Automate your RAG research
| Problem | What AutoRAG-Research does |
|---|---|
| Every dataset has a different format. | We unify the formats and pre-computed embeddings for you. Just download and use. |
| Comparing against SOTA pipelines requires implementing each one. | We implement SOTA pipelines from papers. Benchmark yours against them. |
| Every paper claims SOTA. Which one actually is? | Run all pipelines on your data with one command and compare. |
Which pipeline is really SOTA? What datasets are out there? Find it all here.

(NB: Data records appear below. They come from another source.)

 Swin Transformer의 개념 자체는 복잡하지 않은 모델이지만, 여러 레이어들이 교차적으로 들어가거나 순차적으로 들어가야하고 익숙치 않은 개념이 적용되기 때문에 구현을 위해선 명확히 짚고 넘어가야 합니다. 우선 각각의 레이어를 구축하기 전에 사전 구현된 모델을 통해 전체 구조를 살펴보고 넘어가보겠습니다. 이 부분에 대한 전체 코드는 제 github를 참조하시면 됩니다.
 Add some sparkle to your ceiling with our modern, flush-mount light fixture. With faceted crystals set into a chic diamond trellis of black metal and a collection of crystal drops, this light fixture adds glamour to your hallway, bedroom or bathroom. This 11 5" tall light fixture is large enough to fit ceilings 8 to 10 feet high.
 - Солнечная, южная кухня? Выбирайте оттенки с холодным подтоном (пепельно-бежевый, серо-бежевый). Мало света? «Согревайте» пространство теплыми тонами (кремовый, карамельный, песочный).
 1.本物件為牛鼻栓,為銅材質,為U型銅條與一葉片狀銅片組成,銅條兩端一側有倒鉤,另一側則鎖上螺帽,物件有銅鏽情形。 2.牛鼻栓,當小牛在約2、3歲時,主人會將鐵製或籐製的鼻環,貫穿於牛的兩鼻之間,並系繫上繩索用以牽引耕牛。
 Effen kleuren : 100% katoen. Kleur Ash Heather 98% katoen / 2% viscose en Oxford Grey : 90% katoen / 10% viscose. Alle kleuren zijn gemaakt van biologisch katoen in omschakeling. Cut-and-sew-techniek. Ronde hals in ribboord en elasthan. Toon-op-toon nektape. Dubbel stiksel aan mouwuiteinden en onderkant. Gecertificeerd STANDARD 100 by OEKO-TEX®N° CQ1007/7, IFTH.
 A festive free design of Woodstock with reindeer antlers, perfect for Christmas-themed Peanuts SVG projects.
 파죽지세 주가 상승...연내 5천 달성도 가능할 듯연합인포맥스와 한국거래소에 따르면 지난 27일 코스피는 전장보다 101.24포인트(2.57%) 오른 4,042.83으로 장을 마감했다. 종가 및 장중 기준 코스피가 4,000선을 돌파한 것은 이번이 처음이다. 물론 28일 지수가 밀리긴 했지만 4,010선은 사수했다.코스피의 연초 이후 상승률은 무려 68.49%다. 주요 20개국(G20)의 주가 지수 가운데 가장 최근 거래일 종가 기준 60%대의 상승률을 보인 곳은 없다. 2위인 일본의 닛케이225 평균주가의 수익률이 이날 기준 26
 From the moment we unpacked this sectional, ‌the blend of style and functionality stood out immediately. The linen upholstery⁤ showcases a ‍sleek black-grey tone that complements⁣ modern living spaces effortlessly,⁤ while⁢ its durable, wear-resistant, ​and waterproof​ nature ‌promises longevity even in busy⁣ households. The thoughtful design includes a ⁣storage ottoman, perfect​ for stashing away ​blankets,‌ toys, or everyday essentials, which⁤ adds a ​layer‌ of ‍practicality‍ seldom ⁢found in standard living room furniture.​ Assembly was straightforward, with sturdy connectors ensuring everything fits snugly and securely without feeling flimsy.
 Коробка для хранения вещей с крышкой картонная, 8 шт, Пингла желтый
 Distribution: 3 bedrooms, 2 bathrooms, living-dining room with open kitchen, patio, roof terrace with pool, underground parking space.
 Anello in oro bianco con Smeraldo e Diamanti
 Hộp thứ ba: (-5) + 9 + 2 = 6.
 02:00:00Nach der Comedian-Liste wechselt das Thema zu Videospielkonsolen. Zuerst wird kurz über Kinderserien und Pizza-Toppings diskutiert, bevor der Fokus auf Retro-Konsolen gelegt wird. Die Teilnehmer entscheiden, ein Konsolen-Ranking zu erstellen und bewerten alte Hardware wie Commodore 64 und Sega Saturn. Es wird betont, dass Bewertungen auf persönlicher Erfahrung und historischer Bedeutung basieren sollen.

We provide pre-processed datasets with unified formats. Some include pre-computed embeddings.
Text
| Dataset | Pipeline Support | Description |
|---|---|---|
| BEIR | Retrieval | Standard IR benchmark across 14 diverse domains (scifact, nq, hotpotqa, ...) |
| MTEB | Retrieval | Large-scale embedding benchmark with any MTEB retrieval task |
| RAGBench | Retrieval + Generation | End-to-end RAG evaluation with generation ground truth across 12 domains |
| MrTyDi | Retrieval | Multilingual retrieval across 11 languages |
| BRIGHT | Retrieval + Generation | Reasoning-intensive retrieval with gold answers |
Image
| Dataset | Pipeline Support | Description |
|---|---|---|
| ViDoRe | Retrieval + Generation* | Visual document QA with 1:1 query-to-page mapping |
| ViDoRe v2 | Retrieval | Visual document retrieval with corpus-level search |
| ViDoRe v3 | Retrieval | Visual document retrieval across 8 industry domains |
| VisRAG | Retrieval + Generation* | Vision-based RAG benchmark (ChartQA, SlideVQA, DocVQA, ...) |
Text + Image
| Dataset | Pipeline Support | Description |
|---|---|---|
| Open-RAGBench | Retrieval + Generation | arXiv PDF RAG with generation ground truth and multimodal understanding |
* Generation ground truth is available only for some sub-datasets.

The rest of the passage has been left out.